“Good,” said Susan again. “Mr. Ramey, is there anything on your car that says you’re from the government?”
“Ah—the plates, I believe.”
“But it’s behind the stables,” said Blossom, “and Mr. Dodge and Mrs. Beaumont never go back there.”
“Even better,” said Susan.
“Mrs. Dodge?”
“Yes?”
“Am I to understand that—”
“All you have to understand, Mr. Ramey, is that from now on you must speak to me directly about all this. My husband has no authority in this matter. In fact, in three weeks he and I will be divorced.”
“Mr. Ramey,” Blossom asked, “if Susan didn’t know about the uranium in that mine, and I didn’t know about it, how did the government find out about it?”
Mr. Ramey smiled.
“A college freshman discovered it. A college freshman at Brown University, a boy who’s never traveled out of New England in his life. In a course in geology he was given some specimens of earth to analyze—and one of the samples was from the Dirt Hole Mine in Nevada. He discovered that the earth was radioactive, and his professor determined that the soil sample contained a great percentage of uranium—nearly one-tenth of one percent.”
“That seems like a very little percentage to me,” said Susan.
“That one-tenth of one percent will make you the richest woman in Nevada within the year,” said Mr. Ramey. “I can almost guarantee you that. If you don’t believe me, I will be happy to introduce you to any number of people who’d be willing to take this place off your hands for a few thousand dollars an acre.”
Mr. Ramey laughed, but Susan and Blossom were dumbfounded.
“At any rate,” Mr. Ramey went on, “we very quietly sent someone out here to take samples of the earth from the mine—after all, the earth that had been analyzed at Brown was about thirty years old—and the results this time were even better.”
Blossom took Mr.
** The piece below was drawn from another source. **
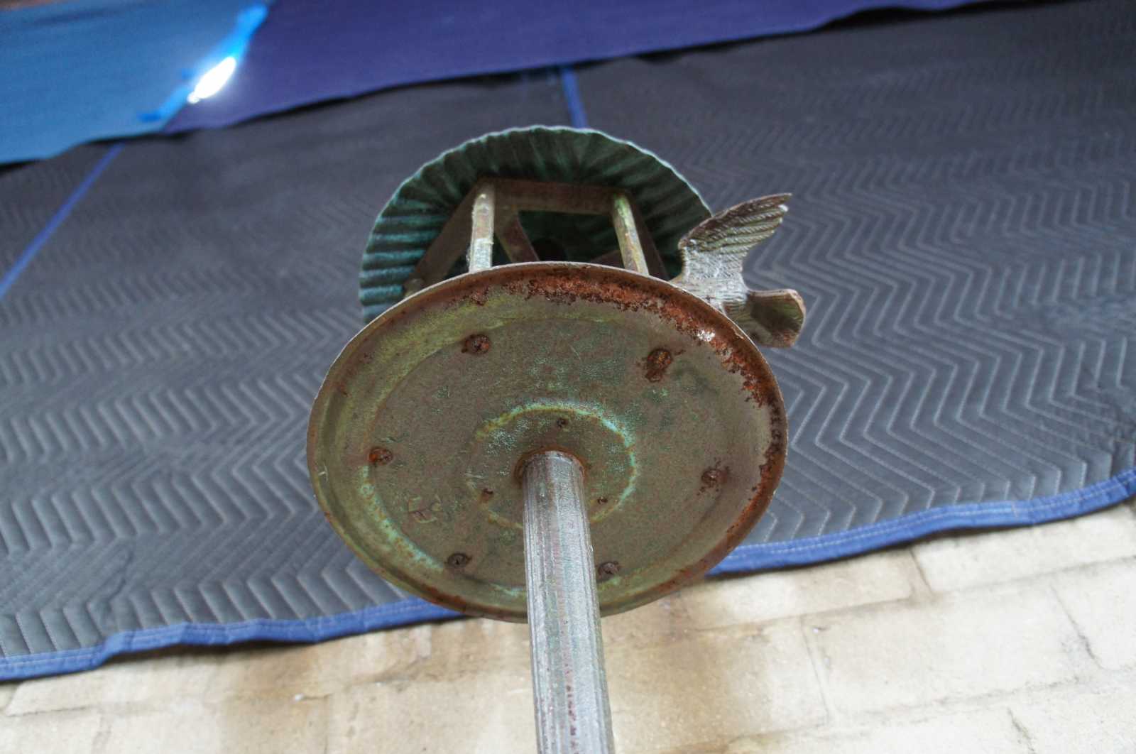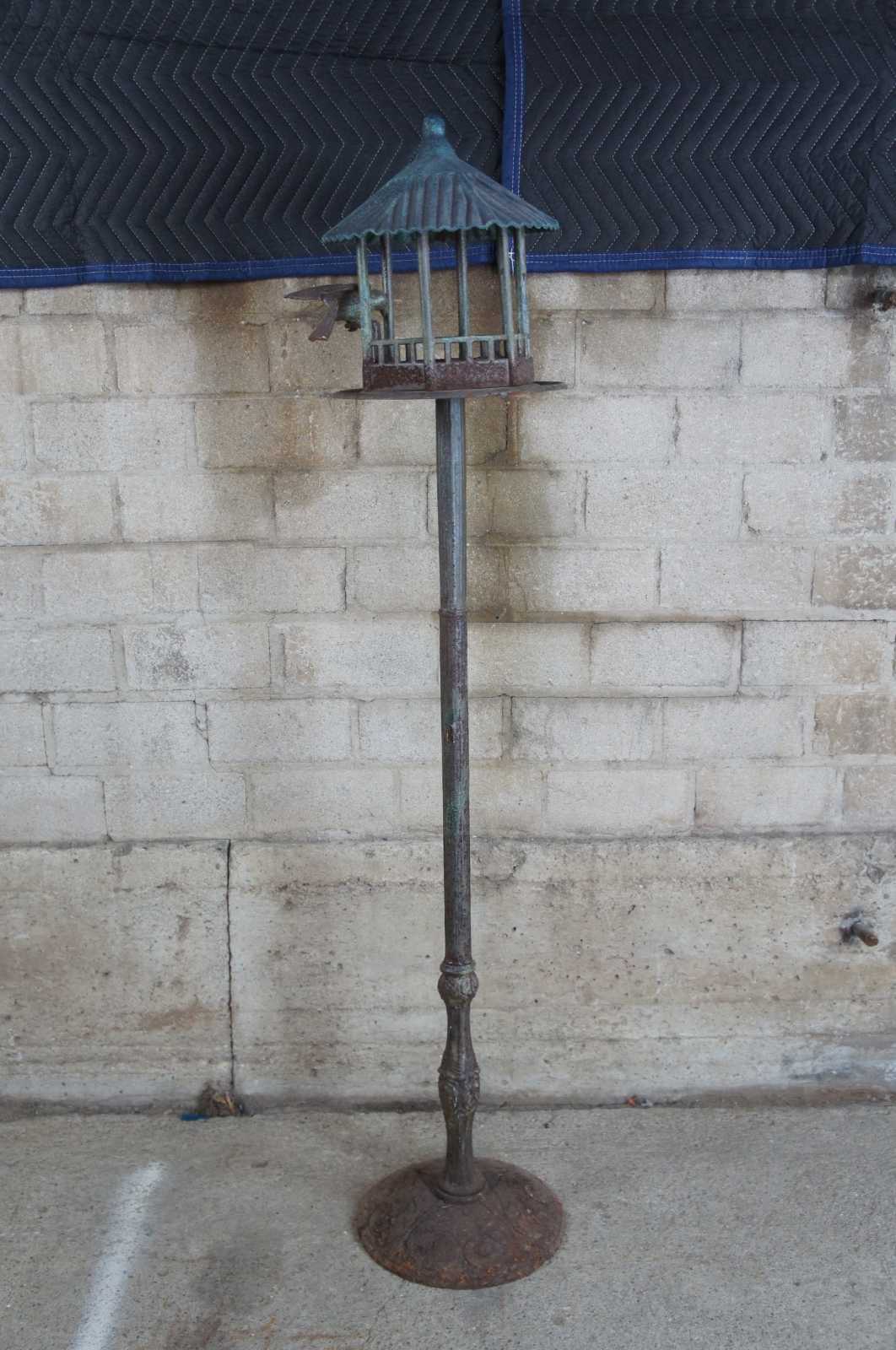 A unique vintage cast iron bird feeder. Features a gazebo with bird over a long post.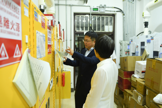 裴俊瑞一行先后深入科技楼、实验动物楼、形态楼等实验场所,重点查看了实验室开学准备工作情况、实验室安全责任制落实、危险化学品管理、特种设备运行安全、气体钢瓶与危险废弃物存放、实验室环境卫生、消防安全及用电安全等关键环节。在检查过程中,裴俊瑞与研究生亲切交流,详细了解了他们的学习进度和科研实验进展,并就实验环境改善与条件优化等问题征询了意见。同时,现场协调解决了部分科研人员在工作中遇到的实际困难。

Ramey back to his automobile. Inside the main house Colleen made certain that Barbara and Harmon were otherwise occupied. The government agent took off for Carson City, but said that he was available at any time if Susan needed him. Susan never even found out what particular agency he worked for, but there were so many new ones already that the name might not mean anything to her anyway.
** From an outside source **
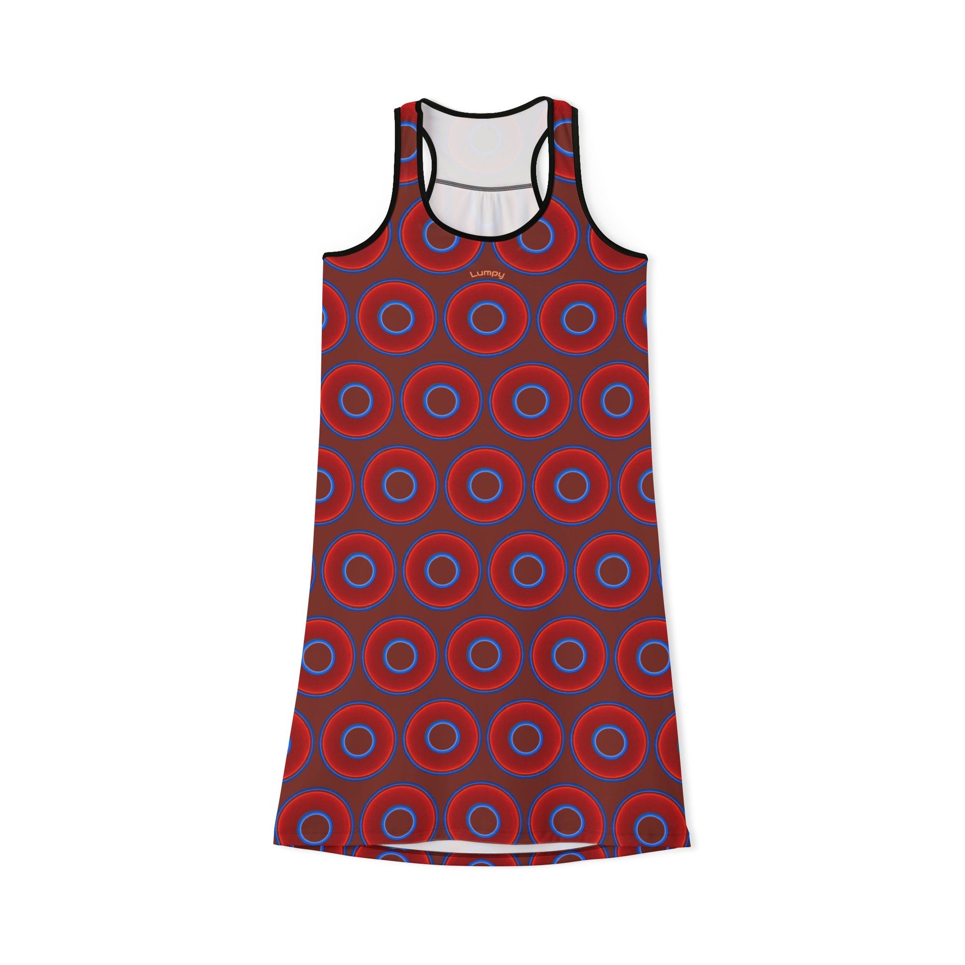 Tela's Lumpy Racerback Donut Dress - red vivid donut print w/burnt umber background

However, there were many more important things to think about. Susan waited impatiently for Blossom to return. She needed someone to listen to her chain of reasoning and pick out the flaws.
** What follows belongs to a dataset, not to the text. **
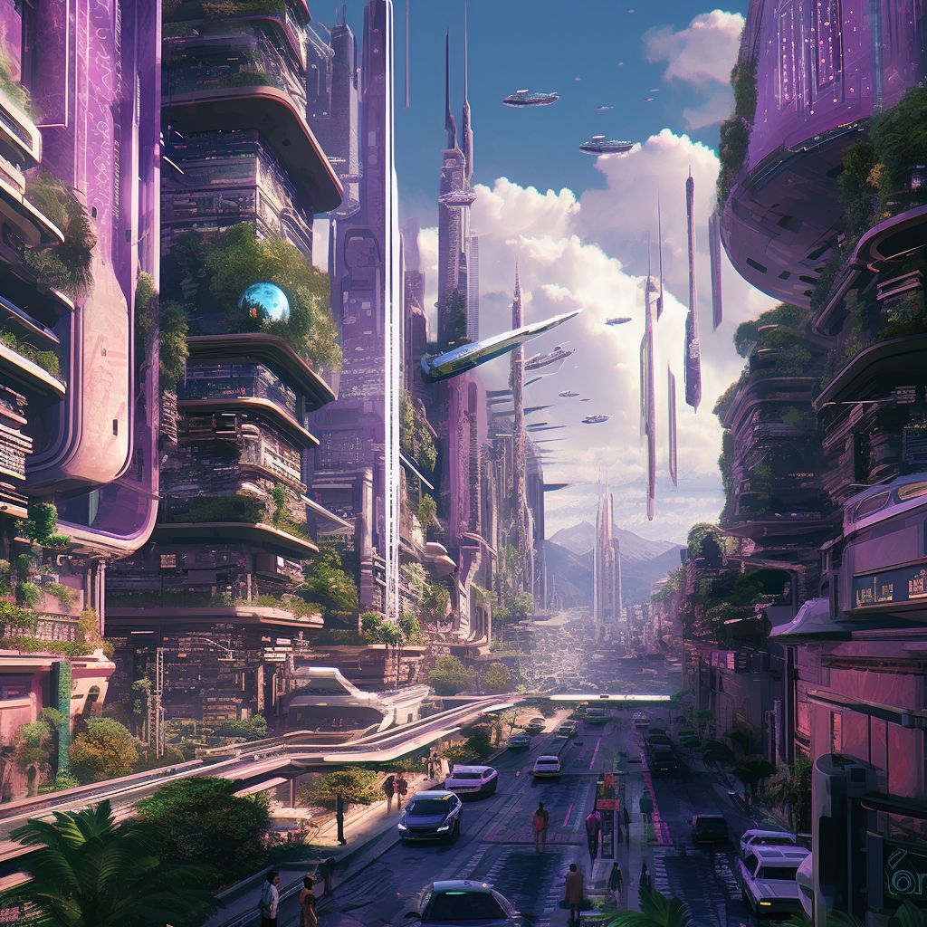 Source: Zapier / Prompt: A futuristic hopeful busy city, purple and green color scheme. Generated with Midjourney.

“That man is the reason Harmon wants me to scuttle the divorce,” said Susan.
“Looks that way,” said Blossom, leaning against the window again. “But I thought he was already rich.”
“I thought so, too. At least there was always plenty of money—of course after living the way I’d lived for two years, having five dollars made me feel like Croesus’s favorite wife. But I never knew any details of Harmon’s finances. Maybe he doesn’t have as much as I thought he did.”
“No matter how much he has,” Blossom pointed out, “it’s not going to be as much as you’re going to make off this place.”
“How much we’re going to make,” Susan corrected her. Blossom started to protest. Susan waved away her objections. “You offered to take care of me when I didn’t have a penny or a prospect of a penny. Now you’re going to let me pay you back for that kindness. That’s all there is to it. But if you really want to help me, you can help me figure out what part Barbara is playing in all this.”
Blossom and Susan considered this question for a moment.
Susan said, “It won’t make any difference to her whether I’m rich or not.”
“That’s right,” Blossom agreed. “But would it make a difference to her if your husband was rich?”
“I don’t see why it should,” said Susan. “They’re only friends…”
Blossom looked at Susan meaningfully.
“Oh no!” Susan cried. “That’s impossible. She’s not his type. He only goes after singers, and hat-check girls, and girls who work in Macy’s.”
Blossom said nothing.
“Besides,” Susan went on hurriedly, “Marcellus always wanted Harmon to marry Barbara. But Harmon didn’t want to marry Barbara, and Barbara wanted to marry Jack. Barbara and Harmon grew up together. They were too close, Harmon said.”
“But she got married,” Blossom pointed out, “and he got married, too. Then they weren’t so close anymore. So maybe then…”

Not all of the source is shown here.